US-led airstrikes hit Al Qaeda-affiliate Nusra Front in Syria

A US-led coalition that was set up to fight Islamic State bombed the al Qaeda-linked Nusra Front and another radical faction in northwest Syria overnight, rebels and residents said on Thursday.

The Syrian Observatory for Human Rights, a monitoring group, said a series of airstrikes had targeted Nusra Front, including in Idlib province in northwest Syria, where last week the organization routed Western-backed Syrian rebels.

One strike on a base near the northern city of Aleppo killed at least six Nusra fighters, the Observatory said, adding that the hardline Islamist group Ahrar al-Sham was also hit overnight.

It was the second time the Nusra Front, long one of the most effective groups battling Syrian President Bashar al-Assad, had been hit in the US-led air campaign, which was launched to "degrade and destroy" Islamic State — a separate hardline Islamist group that has clashed with the al-Qaeda affiliate.

Several commanders are believed to have been killed in the original strikes against Nusra in September, including Kuwaiti-born Mohsin al-Fadhli — also known as Abu Asmaa al-Jazrawi — reputedly a former member of Osama bin Laden's inner circle.

Residents on Thursday said one of the airstrikes targeted a car used by Nusra commanders, near an Internet cafe in the Nusra-controlled town of Sarmada, close to the Turkish border.

A rebel from another Western-backed group operating in northern Syria confirmed the airstrikes on the Nusra Front and on Ahrar al-Sham, and said they took place at around 1 a.m.

"The strength of strikes and their accuracy confirms that they were carried out by the alliance," the rebel said, speaking on condition of anonymity. The Nusra Front vehicle struck in the attack had been carrying ammunition, he said.

Flattened

In neighboring Harem, residents said at least four children had been killed and dozens injured in an attack they believed was launched by the coalition.

Residents around the rebel-held Bab al-Hawa border crossing, a strategic gateway to Turkey, said a missile flattened the headquarters of Ahrar al-Sham nearby and killed Abu al-Nasr, the head of the group's arms procurement division.

Nusra, which has been trying with allies to remove its name from the UN terrorist list, was taken by surprise when coalition warplanes bombed several of its positions during the initial strikes in September.

Last week the group seized control of areas of Idlib province from Western-backed rebel leader Jamal Maarouf, head of the Syria Revolutionaries' Front in northern Syria, confiscating its weapons.

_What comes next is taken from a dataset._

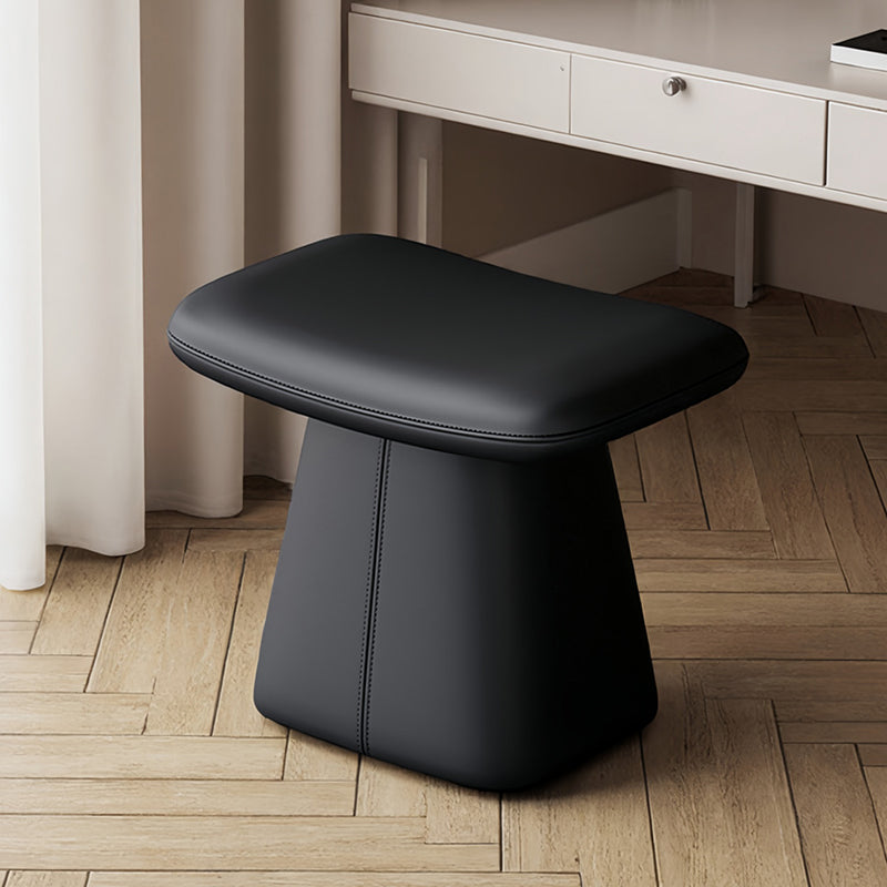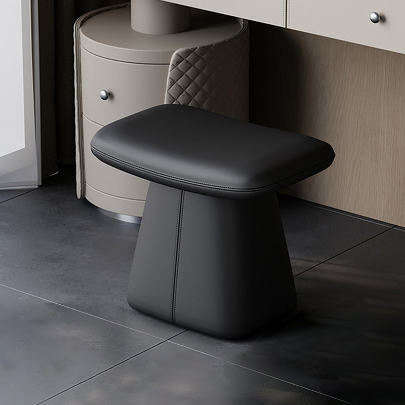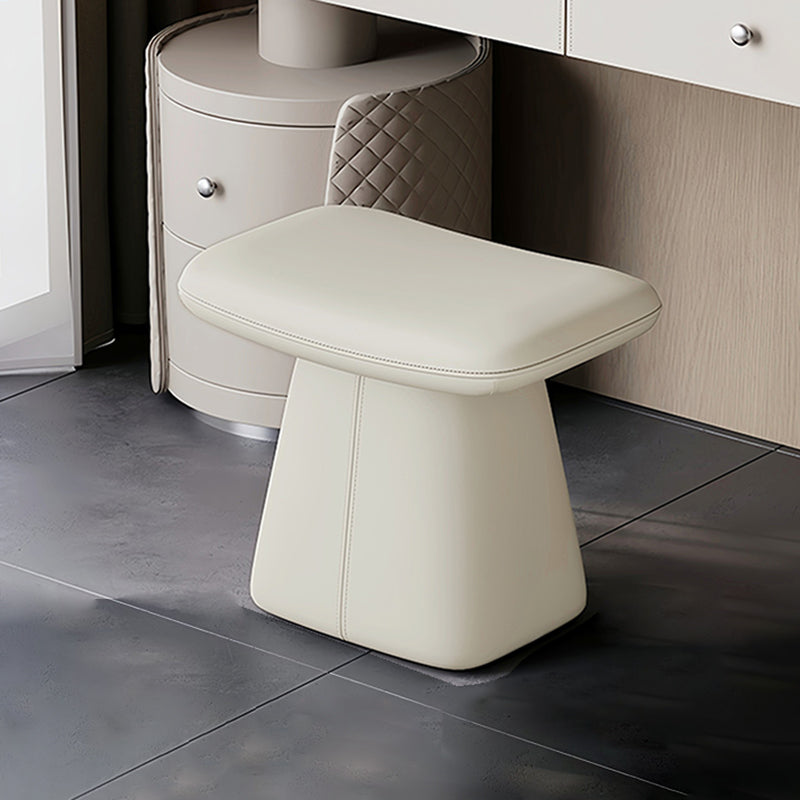 Upgrade your bedroom with this modern luxury swivel vanity stool, crafted from solid wood, top grain leather, and high-density 45D foam for lasting comfort. The soft upholstered seat with rounded rectangular design offers a refined look, available in cream white, black, and dark gray, perfect for stylish bedroom vanity setups.

It also took positions from the Hazzm Movement, another recipient of Arab and Western support.

Maarouf, whose group is one of the biggest non-Islamist rebel formations, said in a video statement his group had abandoned villages only to avoid civilian casualties.

The retreat marked a big blow to the non-Islamist opponents of Assad, who have generally struggled against better armed and equipped Islamist groups including Nusra Front and Islamic State.

The United States is planning to expand military support to what it describes as the moderate opposition to Assad as part of its strategy against Islamic State in Syria.

Nusra Front was once seen as the strongest insurgent group in Syria but has been eclipsed by Islamic State, which broke with Al Qaeda early this year and has seized wide areas of Syria and Iraq.